Art. 1: « Le Grand Orient de Belgique, obédience masculine, maillon de la franc-maçonnerie universelle, demande à celui qui se présente à l’Initiation d’être honnête homme et d’être capable de comprendre et de propager les principes maçonniques. Il exige de ses membres, la sincérité des convictions, le désir de s’instruire et le dévouement. Il forme une société d’hommes probes et libres qui, liés par des sentiments de liberté, d’égalité et de fraternité, travaillent individuellement et en commun au progrès social, et exercent ainsi la bienveillance dans le sens le plus étendu ».
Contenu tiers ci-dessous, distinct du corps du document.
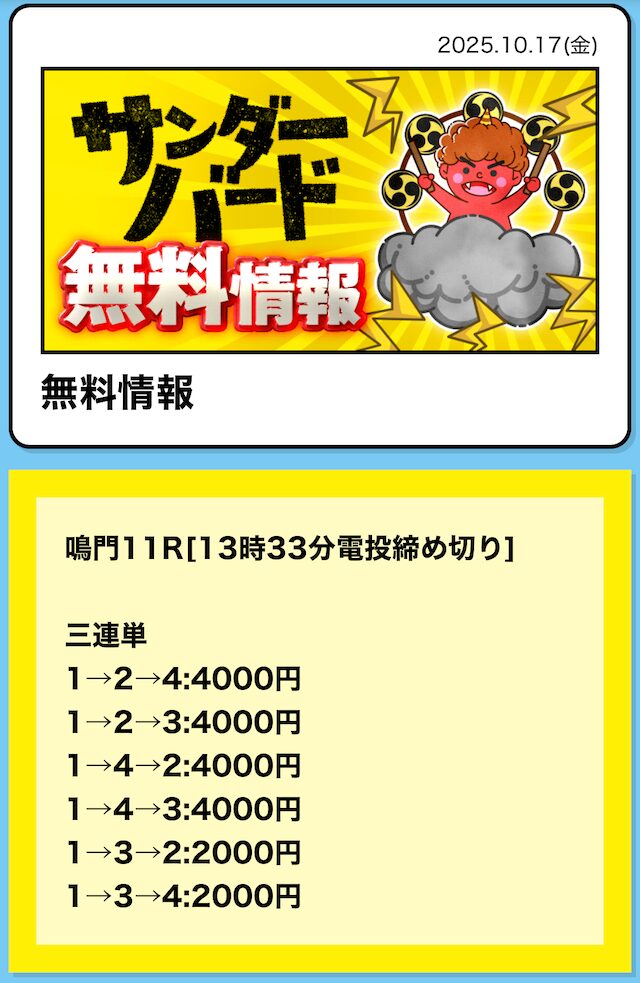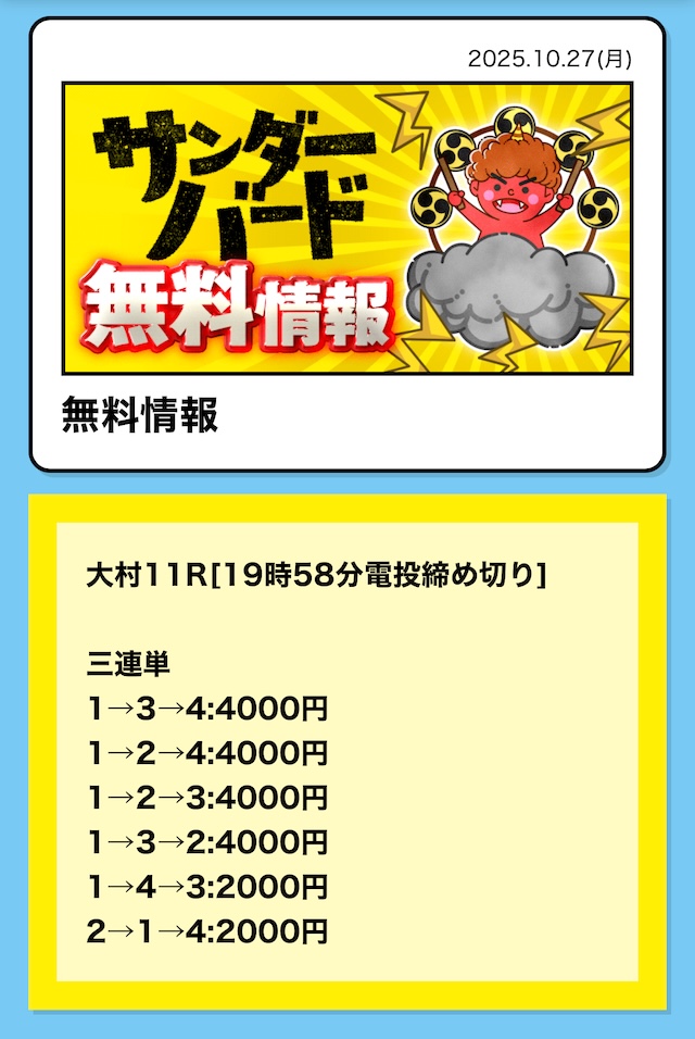 一撃特化のサイトが登場! 無料予想でも10万円以上の払戻実績アリ! 有料予想を使えば、たったの数日で年収レベルを稼ぐことも可能です! | |

A sa création, le Grand Orient de Belgique est exclusivement masculin, ses loges n'initient que des hommes. Les loges peuvent cependant décider d'accueillir des sœurs selon des modalités propres à ces premières.

En septembre 2009, Bertrand Fondu, alors grand maître de l'obédience déclare, en référence à une commission d'étude interne sur la mixité que les travaux des loges seront pris en compte en ce qui concerne la création de loge mixte, masculine ou féminine. La réflexion juridique du Grand Collège du Grand Orient de Belgique se clôture un mois après. La conclusion parait dans la presse et annonce une position favorable à la mixité.

Le dimanche 16 février 2020, une assemblée générale extraordinaire historique composée de tous les représentants de l’obédience vote à la majorité de 70% la modification de ses statuts et règlements. Le GOB devient une confédération formée d’une fédération masculine, d’une fédération mixte et d’une fédération féminine.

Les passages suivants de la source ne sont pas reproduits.